*Your task*
The answer must be an exact copy of the records, with no pictures in it.

*** Block opens ***

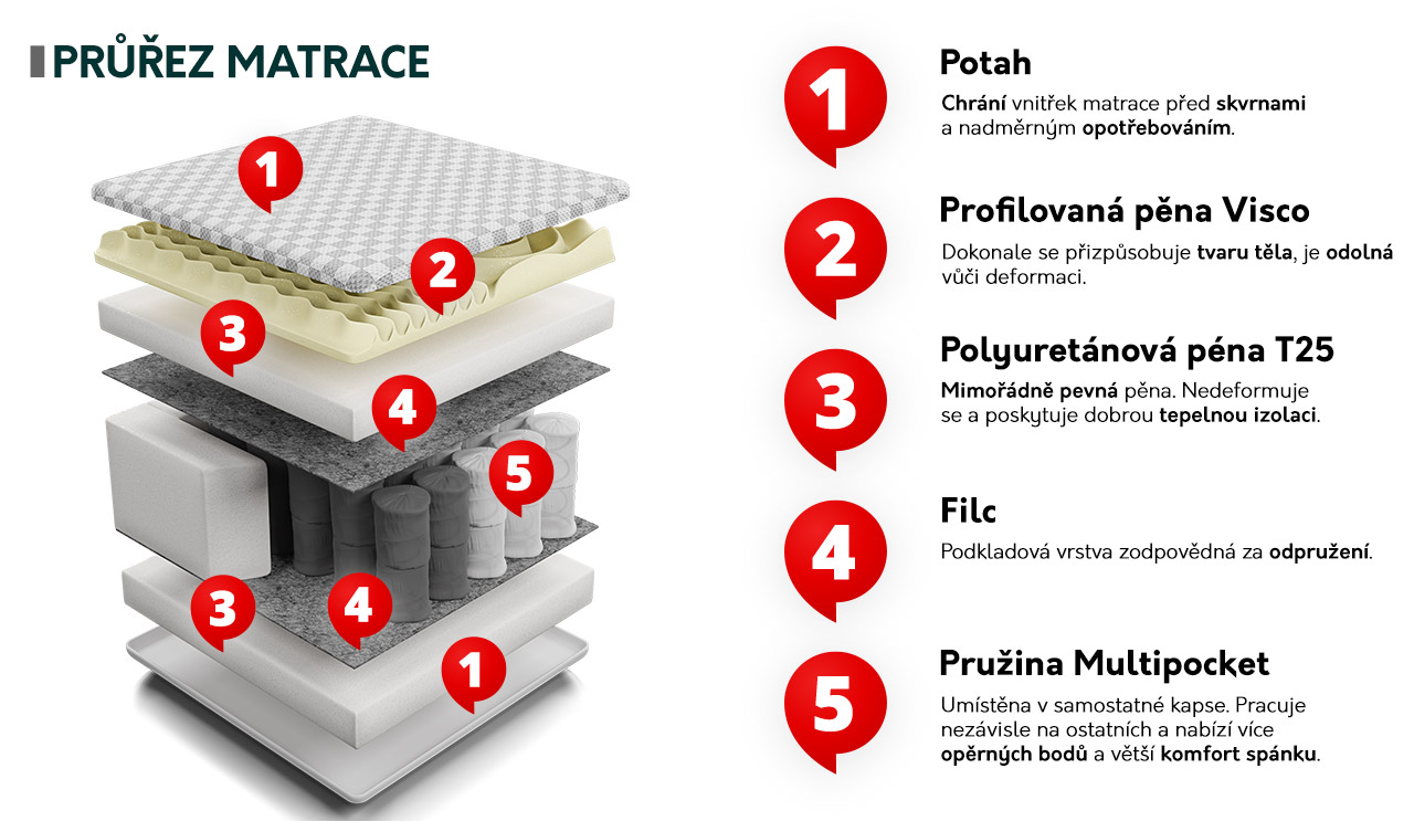 - multipocketový formát H-13 cm, 508 pružin / m2,
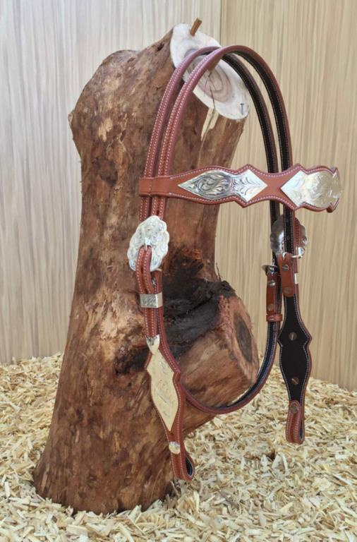 Kožená show uzdečka s čelenkou zdobená stříbrným gravírováním a kováním. Podšitá jemnou telecí kůží, ozdobné prošití po obvodu.
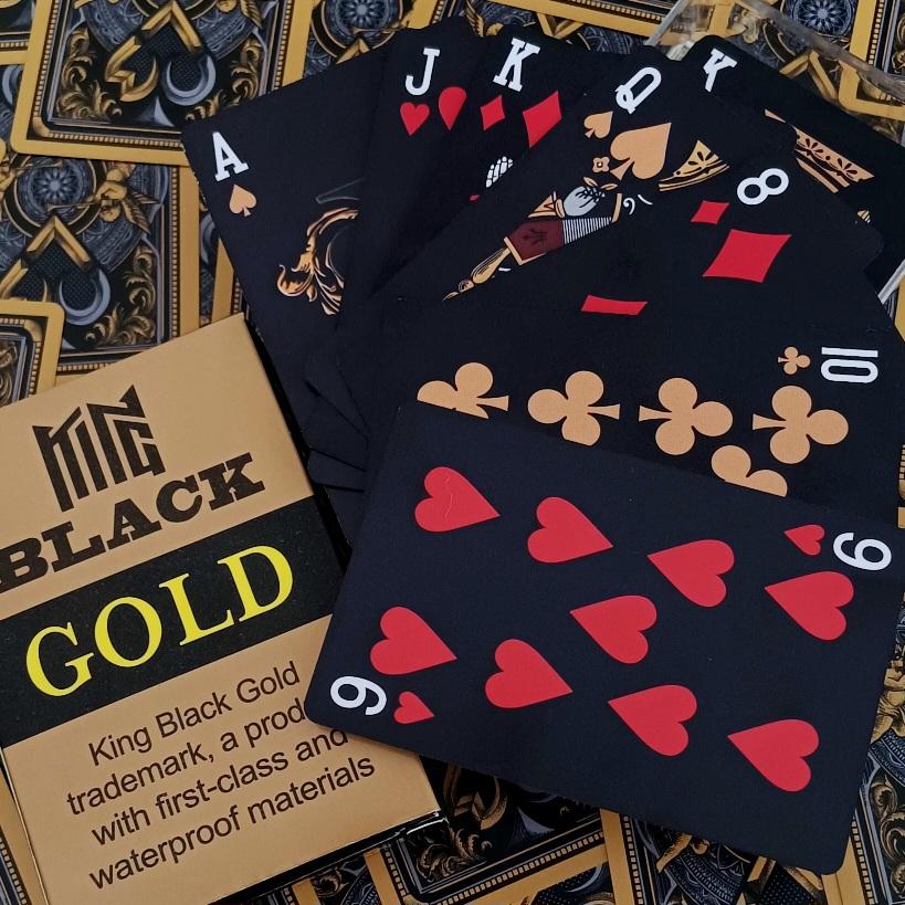 ورق بازی پاسور کینگ بلک گلد طراحیه بسیار زیبا جنس پلاستیک قابل شستشو دور کارتها طلایی چاپ پررنگ مناسب بازی و شعبده
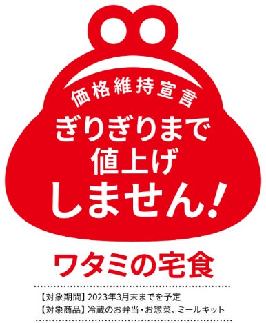 「ワタミの宅食」は、2023年3月末まで、現行の商品価格※を維持し、値上げせず提供することを決めました。食材・エネルギー等の原料価格の高騰、そして急激な円安が続いており、当社においても他社と同様、大きく影響を受けております。お客さまの家計への負担を増やさず、日々の食生活を少しでもサポートしたいという思いから、ぎりぎりまで値上げしない方針です。仕入れ・購買方法の見直し、製造工程の改善など、自社で可能な限りのコスト削減や合理化を図り、品質を保ちながら価格維持に努めます。2023年3月以降については、今後の経済市況・為替の変化を踏まえて判断してまいります。
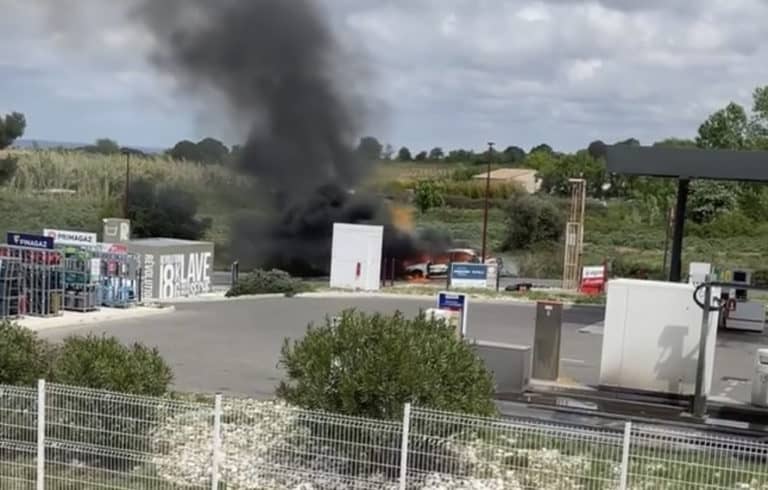 Depuis 13h30, les sapeurspompiers du Gard interviennent pour un feu de véhicule à proximité d’un centre commercial et d’une station-service.
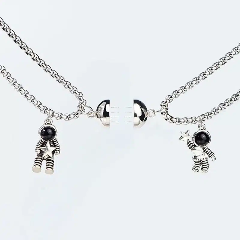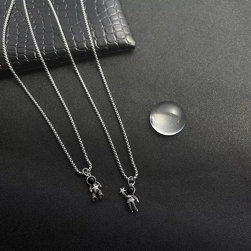 Ce lot de deux colliers couple célèbre les rêves partagés à travers deux pendentifs originaux en forme d’astronautes miniatures.
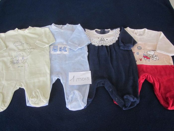 1m, 4 pyjamas velours, snoopy, sucre d'orge
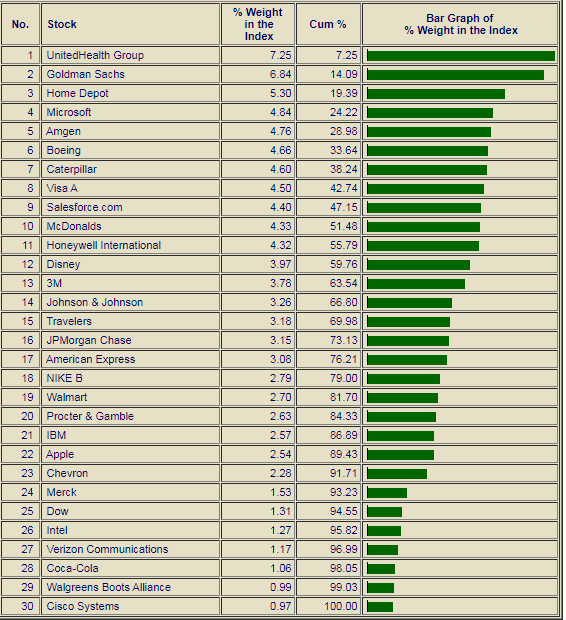 DJIA 30(The Dow Jones Industrial Average): is a stock market index that measures the stock performance of 30 large companies listed on stock exchanges in the United States: Dow Component
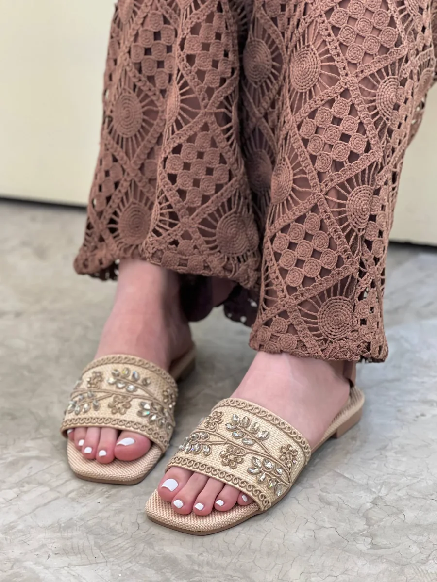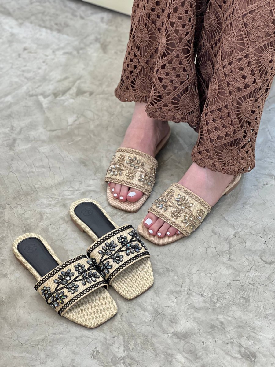 Sandalia plana de estilo moderno con diseño de doble tira que brinda mayor ajuste y comodidad al pie. Su detalle de cadena metálica en la parte superior aporta un toque elegante y sofisticado, ideal para elevar cualquier look.
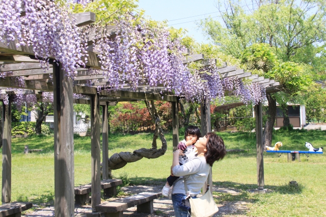見ごろを迎えた白竜公園の藤棚。淡い紫色の花房が垂れ下がり、甘い香りを漂わせている=18日 (2011/05/19)
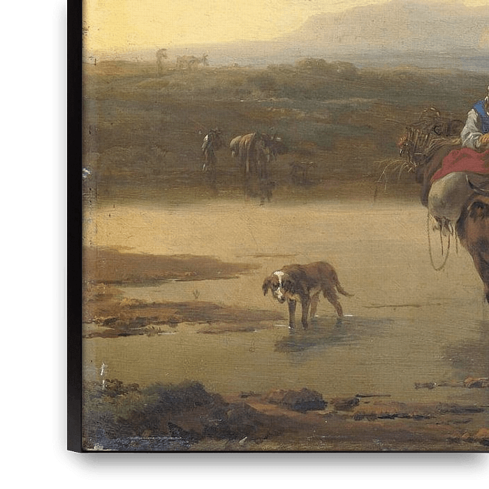 Un berger conduit son troupeau dans un endroit peu profond de la rivière. Les animaux turbulents laissent éclabousser l'eau, au grand dam de la femme d'un fermier qui patauge aussi dans l'eau. Une autre femme monte sur le dos d'un boeuf rempli de marchandises. Le caractère méridional du paysage a combiné Berchem avec les conifères, ce à quoi on peut s'attendre dans le nord.
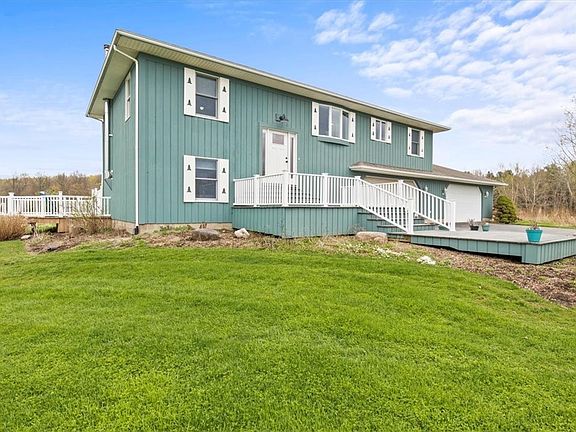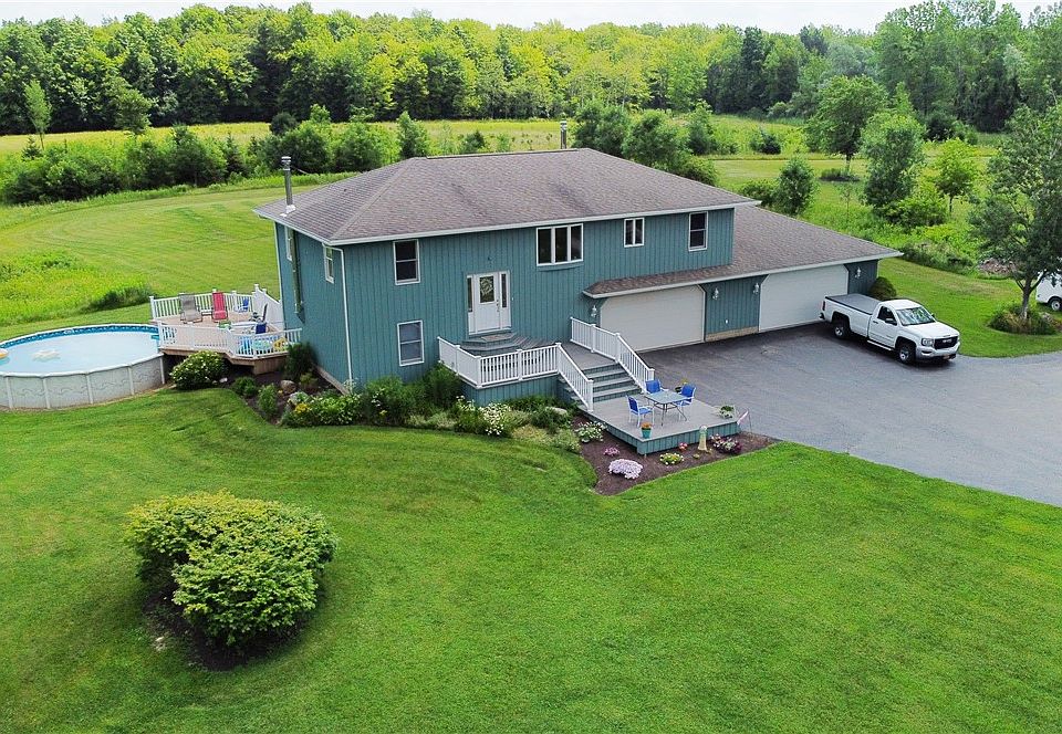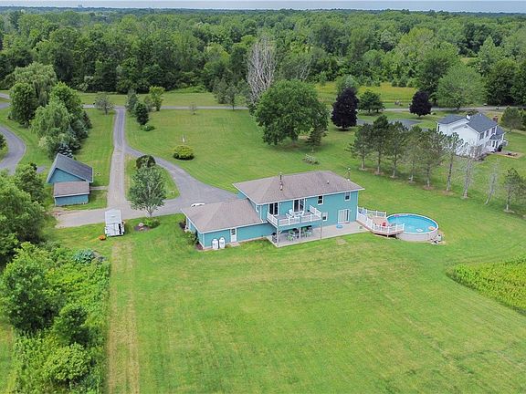 Welcome to your sanctuary! This home was custom-built by its only owner and sits on 3.8 acres, secluded from Whitney Road. The picturesque surroundings evoke a sense of peace and serenity, and inside, you'll find a recently updated kitchen designed for style, functionality, and entertaining. From the combined kitchen & living room, enjoy fresh air and sunshine through the sliding glass doors that open to your upper deck. The finished lower level includes a wood burning stove and is presently used as a TV lounge & guest bedroom with full bathroom. From the lower level, you can access the expansive partially shaded walk-out concrete patio. An above-ground pool and the multiple outdoor seating areas deck provide the perfect ambiance for guests. The attached four car garage offers convenience and organization, and the additional outbuilding could be used for storage or shop space. The private road leading into the development is legally shared by the five owners and will be repaved this year. Riding mower & subcompact tractor are negotiable. Showings start Wednesday 5/17 at noon; negotiations start 5/23 at 4PM!

*** Block closes ***

*Exercise response*
 - multipocketový formát H-13 cm, 508 pružin / m2,
 Kožená show uzdečka s čelenkou zdobená stříbrným gravírováním a kováním. Podšitá jemnou telecí kůží, ozdobné prošití po obvodu.
 ورق بازی پاسور کینگ بلک گلد طراحیه بسیار زیبا جنس پلاستیک قابل شستشو دور کارتها طلایی چاپ پررنگ مناسب بازی و شعبده
 「ワタミの宅食」は、2023年3月末まで、現行の商品価格※を維持し、値上げせず提供することを決めました。食材・エネルギー等の原料価格の高騰、そして急激な円安が続いており、当社においても他社と同様、大きく影響を受けております。お客さまの家計への負担を増やさず、日々の食生活を少しでもサポートしたいという思いから、ぎりぎりまで値上げしない方針です。仕入れ・購買方法の見直し、製造工程の改善など、自社で可能な限りのコスト削減や合理化を図り、品質を保ちながら価格維持に努めます。2023年3月以降については、今後の経済市況・為替の変化を踏まえて判断してまいります。
 Depuis 13h30, les sapeurspompiers du Gard interviennent pour un feu de véhicule à proximité d’un centre commercial et d’une station-service.
 Ce lot de deux colliers couple célèbre les rêves partagés à travers deux pendentifs originaux en forme d’astronautes miniatures.
 1m, 4 pyjamas velours, snoopy, sucre d'orge
 DJIA 30(The Dow Jones Industrial Average): is a stock market index that measures the stock performance of 30 large companies listed on stock exchanges in the United States: Dow Component
 Sandalia plana de estilo moderno con diseño de doble tira que brinda mayor ajuste y comodidad al pie. Su detalle de cadena metálica en la parte superior aporta un toque elegante y sofisticado, ideal para elevar cualquier look.
見ごろを迎えた白竜公園の藤棚。淡い紫色の花房が垂れ下がり、甘い香りを漂わせている=18日 (2011/05/19)
 Un berger conduit son troupeau dans un endroit peu profond de la rivière. Les animaux turbulents laissent éclabousser l'eau, au grand dam de la femme d'un fermier qui patauge aussi dans l'eau. Une autre femme monte sur le dos d'un boeuf rempli de marchandises. Le caractère méridional du paysage a combiné Berchem avec les conifères, ce à quoi on peut s'attendre dans le nord.
 Welcome to your sanctuary! This home was custom-built by its only owner and sits on 3.8 acres, secluded from Whitney Road. The picturesque surroundings evoke a sense of peace and serenity, and inside, you'll find a recently updated kitchen designed for style, functionality, and entertaining. From the combined kitchen & living room, enjoy fresh air and sunshine through the sliding glass doors that open to your upper deck. The finished lower level includes a wood burning stove and is presently used as a TV lounge & guest bedroom with full bathroom. From the lower level, you can access the expansive partially shaded walk-out concrete patio. An above-ground pool and the multiple outdoor seating areas deck provide the perfect ambiance for guests. The attached four car garage offers convenience and organization, and the additional outbuilding could be used for storage or shop space. The private road leading into the development is legally shared by the five owners and will be repaved this year. Riding mower & subcompact tractor are negotiable. Showings start Wednesday 5/17 at noon; negotiations start 5/23 at 4PM!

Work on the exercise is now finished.